Image:Torsades converted by AICD ECG strip Lead II.JPG|thumb|center|650px|Lead II electrocardiogram showing torsades de pointes being shocked by an implantable cardioverter-defibrillator back to the patient's baseline cardiac rhythm.
Indications
Implantation of ICD is meant to prevent sudden cardiac death and is indicated under various conditions. Two broad but distinct categories are primary and secondary prevention. Primary prevention refers to patients who have not suffered a life-threatening arrhythmia episode. Secondary prevention has the strongest evidence for benefit and it refers to survivors of cardiac arrest secondary to ventricular fibrillation or hemodynamically unstable sustained ventricular tachycardia after reversible causes are excluded.Similarly, ICD use in primary prevention is to prevent cardiac death in patients who are at risk for sustained ventricular tachycardia or ventricular fibrillation. This population accounts for the bulk of all ICD implants. There are a multitude of guideline indications for ICD use in primary preventions with varying degree of supporting evidence. Periodically, both the American College of Cardiology /American Heart Association and European Society of Cardiology provide an update to this guideline. Some of the Class I indications are as follows:
- With Left Ventricular Ejection Fraction ≤ 35% due to prior Myocardial Infarction who are at least 40 days post-MI and are in NYHA Functional Class II or III
- With Left Ventricular dysfunction due to prior MI who are at least 40 days post-MI, have an LVEF ≤ 30%, and are in NYHA Functional Class I
- With nonischemic Dilated cardiomyopathy who have an LVEF ≤ 35% and who are in NYHA Functional Class II or III
- With nonsustained VT due to prior MI, LVEF < 40%, and inducible VF or sustained VT at electrophysiological study
- With structural heart disease and spontaneous sustained VT, whether hemodynamically stable or unstable
- With syncope of undetermined origin with clinically relevant, hemodynamically significant sustained VT or VF induced at electrophysiological study
Clinical trials
The SCD-HeFT trial showed a significant all-cause mortality benefit for patients with ICD. Congestive heart failure patients that were implanted with an ICD had an all-cause death risk 23% lower than placebo and an absolute decrease in mortality of 7.2 percentage points after five years in the overall population.1
Reporting in 1999, the Antiarrhythmics Versus Implantable Defibrillators trial consisted of 1,016 patients, and deaths in those treated with AAD were more frequent compared with deaths in the ICD groups.
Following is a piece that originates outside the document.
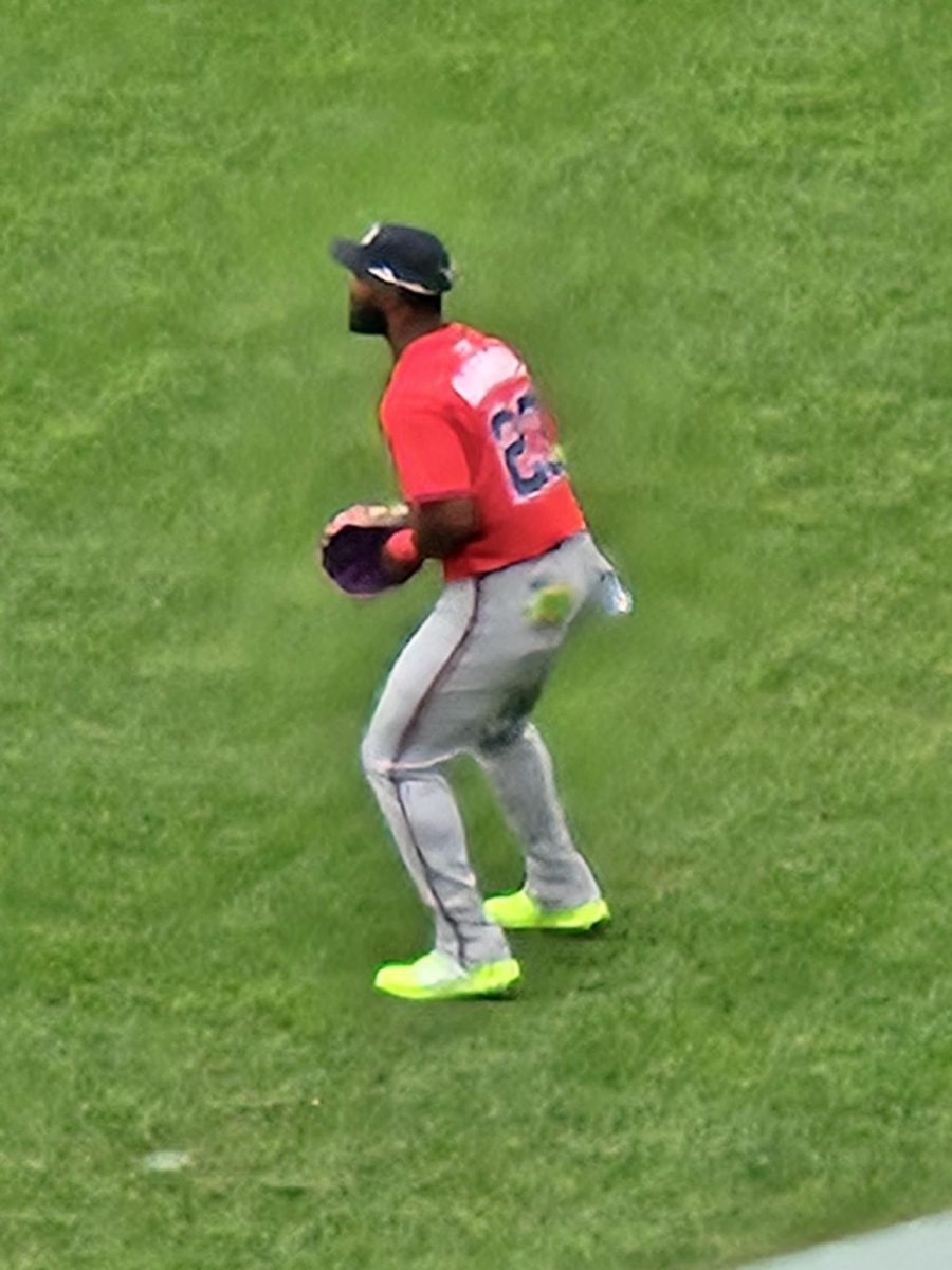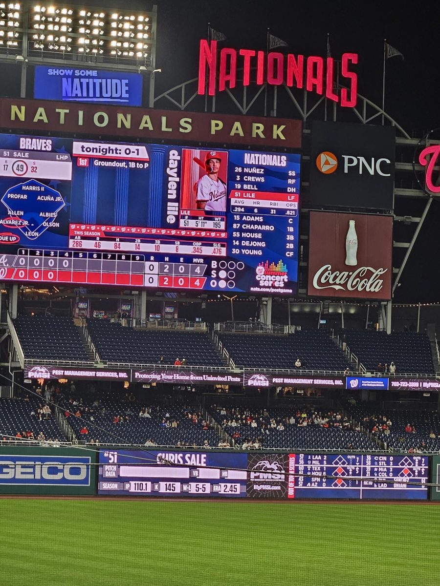 Unfortunately, the clouds that had been threatening yielded rain heavy enough that they barely completed the afternoon game, and then they had to add a two-hour delay to the start of the evening game. Also, based on the jerseys and t-shirts worn by the rather small crowd–I had on a new jersey with Henry Aaron’s number 44 on it–and it was a great coincidence that the colors matched the uniforms the team wore that day, there were as many Braves fans present as were Nationals fans. It was also pretty chilly to me as the evening waned and spotty rain continued. Thank goodness I brought my jean jacket and a hat, plus my seats were both under sheltered areas.

In 2002 the MADITII trial showed benefit of ICD treatment in patients after myocardial infarction with reduced left ventricular function.
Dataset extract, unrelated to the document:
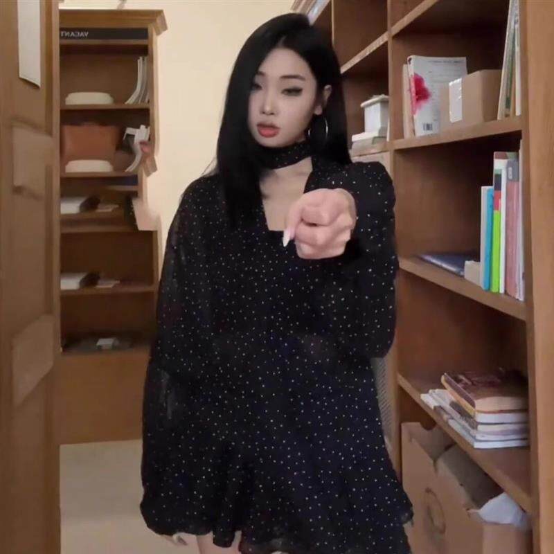 法式 连衣裙女夏季 独特绝美气质收腰短裙 黑色波点飘带雪纺长袖 大码

Initially ICDs were implanted via thoracotomy with defibrillator patches applied to the epicardium or pericardium. The device was attached via subcutaneous and transvenous leads to the device contained in a subcutaneous abdominal wall pocket. The device itself acts as an electrode. Most ICDs nowadays are implanted transvenously with the devices placed in the left pectoral region similar to pacemakers. Intravascular spring or coil electrodes are used to defibrillate. The devices have become smaller and less invasive as the technology advances. Current ICDs weigh only 70 grams and are about 12.9 mm thick.
A recent study by Birnie and colleagues at the University of Ottawa Heart Institute has demonstrated that ICDs are underused in both the United States and Canada. An accompanying editorial by Simpson of Queen's University explores some of the economic, geographic, social and political reasons for this.